The AI chipmaker’s share price has surged by almost 450.0%, since January 2023. This has made Nvidia the third-most valuable firm in America.   The company reported full-year revenue of $60.9 billion, up by 126.0% in 2024. This made Nvidia’s stock surge which resulted in the AI FOMO (Fear-Of-Missing-Out) stock rally. This was seen as an eclipsing scenario for the competitors including Intel and AMD. Thus, analysts expect bolstering growth for Nvidia in the foreseeable future. 

However, the event witnessed benefits for other companies as well.  A 10.0% surge in the stock of AMD and a 2.5% increment in Palantir stock, was noted. Besides, the stocks of other chipmakers, such as Broadcom and Marvell Tech also surged in the AI FOMO. However, the Chief Financial Officer (CFO), Colette Kress, presented some concerns as the chips are majorly designed for inferencing (generation of content such as text, images, and more based on a specific input) only, thus, can be taken over by less powerful and more pocket-friendly chips. 

Nvidia majorly manufactures Graphics Processor Units (GPUs) or accelerators which are primarily used in video games. They use parallel processing, enabling faster calculations as against sequential task completion. GPUs are also useful for companies working on Large Language Models (LLMs), such as ChatGPT or Bard. GPUs would help filter information from the massive volumes of data. 

Thus, the business of competitors and CPU (Central Processing Unit) manufacturers such as Intel and AMD is likely to propel, as the customers will focus on cutting down the operating costs levied by the AI models. Further, the chips that are manufactured by Intel are already widely used in inferencing and do not require the computational power of Nvidia's cutting-edge and more expensive H100 AI chips, for accomplishing the purpose. 

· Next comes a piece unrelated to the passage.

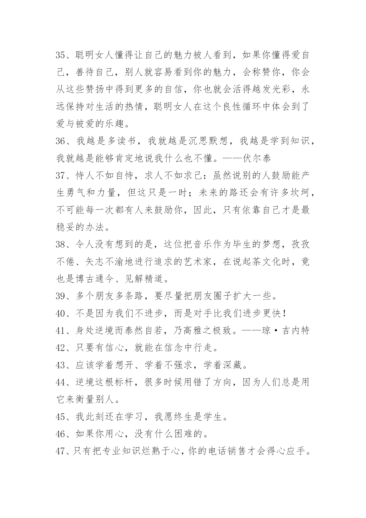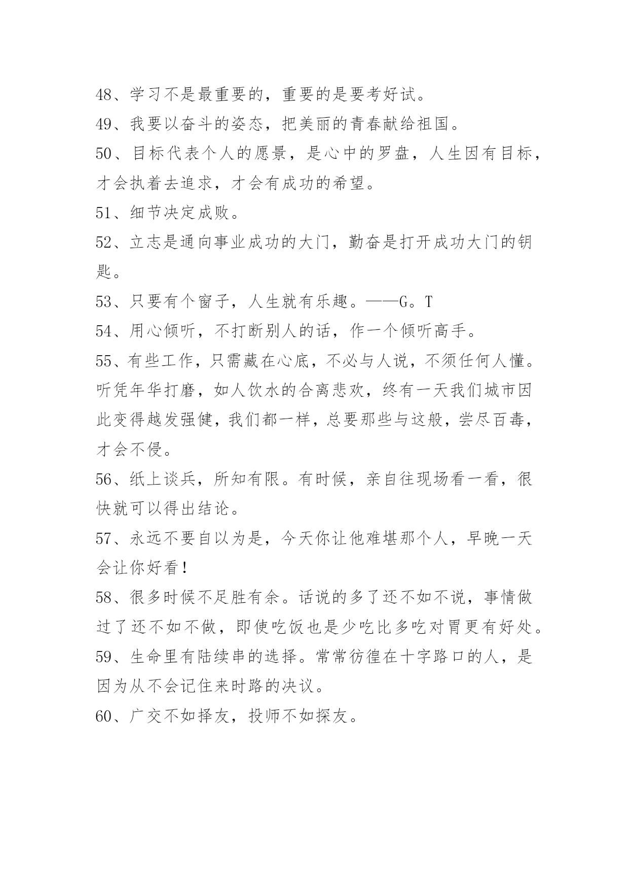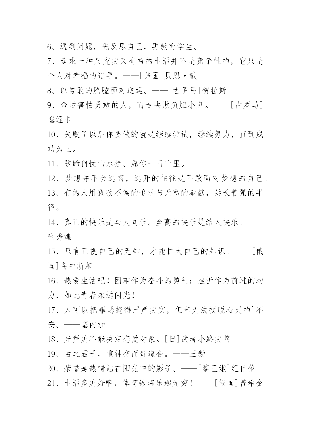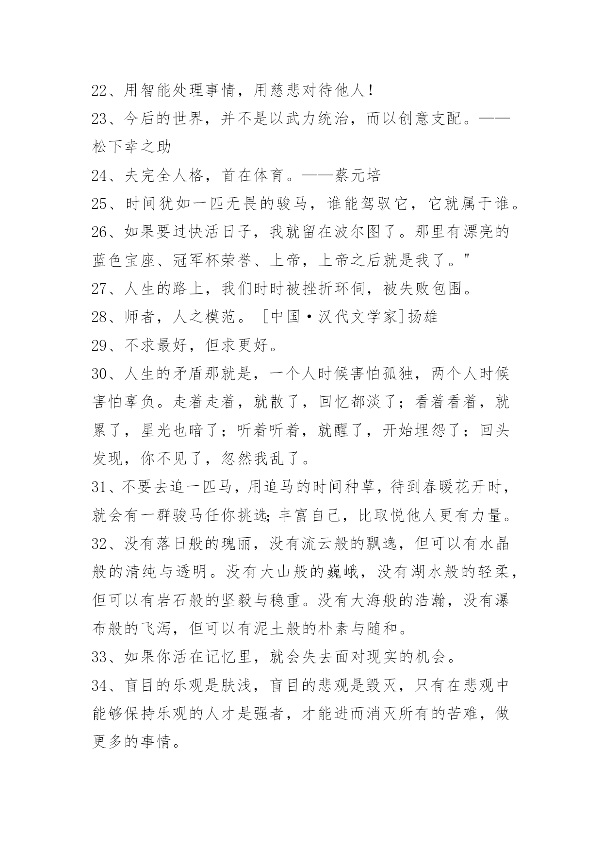 人生感悟格言60条人生感悟格言集锦60条无论在什么方面,科学总是想减轻人的劳动,保护人的精力不至于无谓地浪费掉。下面是小编为大家收集的人生感悟格言60条,感兴趣的一起来看看吧。1、人的美德的荣誉比他财富的荣誉不知大多少倍。古今多少帝王公侯,可是却没在我们记忆中留下一丝痕迹,就因为他们只想用庄园和财富留名后世。岂不见多少人在钱财上一贫如洗,但是在美德上却是豪富呢?——[意大利]达·芬奇2、我生性不做事则已,既做事又要尽力做得像样;所以我不想做工程师则已,要做工程师,决不愿做个"蹩脚"的工程师。邹韬奋《经历》。3、爱情是吞噬一切的激情;爱情,这是双方特别的个人关系。[尼日利亚]西普里安·埃克文西《自由之夜》,《非洲当代中篇小说选》。4、如果你打孩子,你要注意,你是否在生气时打他,因为如果这样,会有使他终生残废的危险。冷酷地打一巴掌也是既不可以,也不应该原谅的。——[英国]萧伯纳5、想象就是深度。没有一种精神机能比想象更能自我深化,更能深入对象,这是伟大的潜水者。任何东西都没有像大胆的幻想那样能促进未来的创立。在泥土下面,黑暗的地方,才能发现金刚钻,在深入缜密的思考中,才能发现真理。6、遇到问题,先反思自己,再教育学生。7、追求一种又充实又有益的生活并不是竞争性的,它只是个人对幸福的追寻。——[美国]贝恩·戴8、以勇敢的胸膛面对逆运。——[古罗马]贺拉斯9、命运害怕勇敢的人,而专去欺负胆小鬼。——[古罗马]塞涅卡10、失败了以后你要做的就是继续尝试,继续努力,直到成功为止。11、骏蹄何忧山水拦。愿你一日千里。12、梦想并不会逃离,逃开的往往是不敢面对梦想的自己。13、有的人用孜孜不倦的追求与无私的奉献,延长着弧的半径。14、真正的快乐是与人同乐。至高的快乐是给人快乐。——啊秀煌15、只有正视自己的无知,才能扩大自己的知识。——[俄国]鸟中斯基16、热爱生活吧!困难作为奋斗的勇气:挫折作为前进的动力,如此青春永远闪光!17、人可以把罪恶掩得严严实实,但却无法摆脱心灵的`不安。——塞内加18、光凭美不能决定恋爱对象。[日]武者小路实笃19、古之君子,重神交而贵道合。——王勃20、荣誉是热情站在阳光中的影子。——[黎巴嫩]纪伯伦21、生活多美好啊,体育锻炼乐趣无穷!——[俄国]普希金22、用智能处理事情,用慈悲对待他人!23、今后的世界,并不是以武力统治,而以创意支配。——松下幸之助24、夫完全人格,首在体育。——蔡元培25、时间犹如一匹无畏的骏马,谁能驾驭它,它就属于谁。26、如果要过快活日子,我就留在波尔图了。那里有漂亮的蓝色宝座、冠军杯荣誉、上帝,上帝之后就是我了。"27、人生的路上,我们时时被挫折环伺,被失败包围。28、师者,人之模范。[中国·汉代文学家]扬雄29、不求最好,但求更好。30、人生的矛盾那就是,一个人时候害怕孤独,两个人时候害怕辜负。走着走着,就散了,回忆都淡了;看着看着,就累了,星光也暗了;听着听着,就醒了,开始埋怨了;回头发现,你不见了,忽然我乱了。31、不要去追一匹马,用追马的时间种草,待到春暖花开时,就会有一群骏马任你挑选;丰富自己,比取悦他人更有力量。32、没有落日般的瑰丽,没有流云般的飘逸,但可以有水晶般的清纯与透明。没有大山般的巍峨,没有湖水般的轻柔,但可以有岩石般的坚毅与稳重。没有大海般的浩瀚,没有瀑布般的飞泻,但可以有泥土般的朴素与随和。33、如果你活在记忆里,就会失去面对现实的机会。34、盲目的乐观是肤浅,盲目的悲观是毁灭,只有在悲观中能够保持乐观的人才是强者,才能进而消灭所有的苦难,做更多的事情。35、聪明女人懂得让自己的魅力被人看到,如果你懂得爱自己,善待自己,别人就容易看到你的魅力,会称赞你,你会从这些赞扬中得到更多的自信,你也就会活得越发光彩,永远保持对生活的热情,聪明女人在这个良性循环中体会到了爱与被爱的乐趣。36、我越是多读书,我就越是沉思默想,我越是学到知识,我就越是能够肯定地说我什么也不懂。——伏尔泰37、恃人不如自恃,求人不如求己:虽然说别的人鼓励能产生勇气和力量,但这只是一时;未来的路还会有许多坎坷,不可能每一次都有人来鼓励你,因此,只有依靠自己才是最稳妥的办法。38、令人没有想到的是,这位把音乐作为毕生的梦想,孜孜不倦、矢志不渝地进行追求的艺术家,在说起茶文化时,竟也是博古通今、见解精道。39、多个朋友多条路,要尽量把朋友圈子扩大一些。40、不是因为我们不进步,而是对手比我们进步更快!41、身处逆境而泰然自若,乃高雅之极致。——琼·吉内特42、只要有信心,就能在信念中行走。43、应该学着想开、学着不强求,学着深藏。44、逆境这根标杆,很多时候用错了方向,因为人们总是用它来衡量别人。45、我此刻还在学习,我愿终生是学生。46、如果你用心,没有什么困难的。47、只有把专业知识

Additionally, the major competitors have also started the in-house manufacturing of AI chips. For instance, in December 2023, AMD launched its MI300 accelerator. These are well-suited to power AI and HPC workloads, with improved computing, memory density, and bandwidth memory. They are also manufactured to support specialized data formats. Intel was yet another competitor to proactively respond to the situation and is preparing for the launch of its Gaudi3 accelerator in 2024. However, not many details, about the AI chip specifications, have yet been shared by the company.  

This was a defensive strategy adopted by these organizations, to counter the revenue decline. For instance, AMD recorded a net revenue of $22.7 billion, in 2023, marking a decrease of 4.0% compared to 2022 net revenue of $23.6 billion. The decline was primarily due to a 25.0% decrease in client segment revenue, resulting from lower processor sales, and a 9.0% decrease in gaming segment revenue primarily due to lower semi-custom product sales. 

revenue primarily due to lower semi-custom product sales

Intel reported a revenue of $54.2 billion, in 2023, which was down $8.8 billion, or 14.0%, from 2022 revenue of $63.1 billion. This decrease was also attributed to the sales decline faced by the Datacenter and AI Group (DCAI) segment. DCAI revenue decreased by 20.0% due to lower server volume attributing to the softening CPU data center market.

Furthermore, other hyperscalers (large cloud service providers) such as Microsoft, Google, Amazon, and Meta are shifting their focus toward the production of their chips in the form of Application-Specific Integrated Circuits (ASICs).

ASICs are different from GPUs, as the former are designed to master the single trade they are designed for, whereas, the latter are manufactured to an array of AI-related tasks to cater to the diverse needs of the organization. However, the shift of hyperscalers towards the in-house ASICs would lead to a substantial decline in the need for Nvidia’s chips.

However, as inferencing becomes the primary use case for AI chips with widespread adoption of different AI models, the revenue of Nvidia is estimated to rise, even if it faces a minimal hit initially. In a nutshell, provided the market players keep a check on data security, safeguarding it from unauthorized access, breaches, and misuse, the market has enormous growth potential in the forecast period (2024-2031).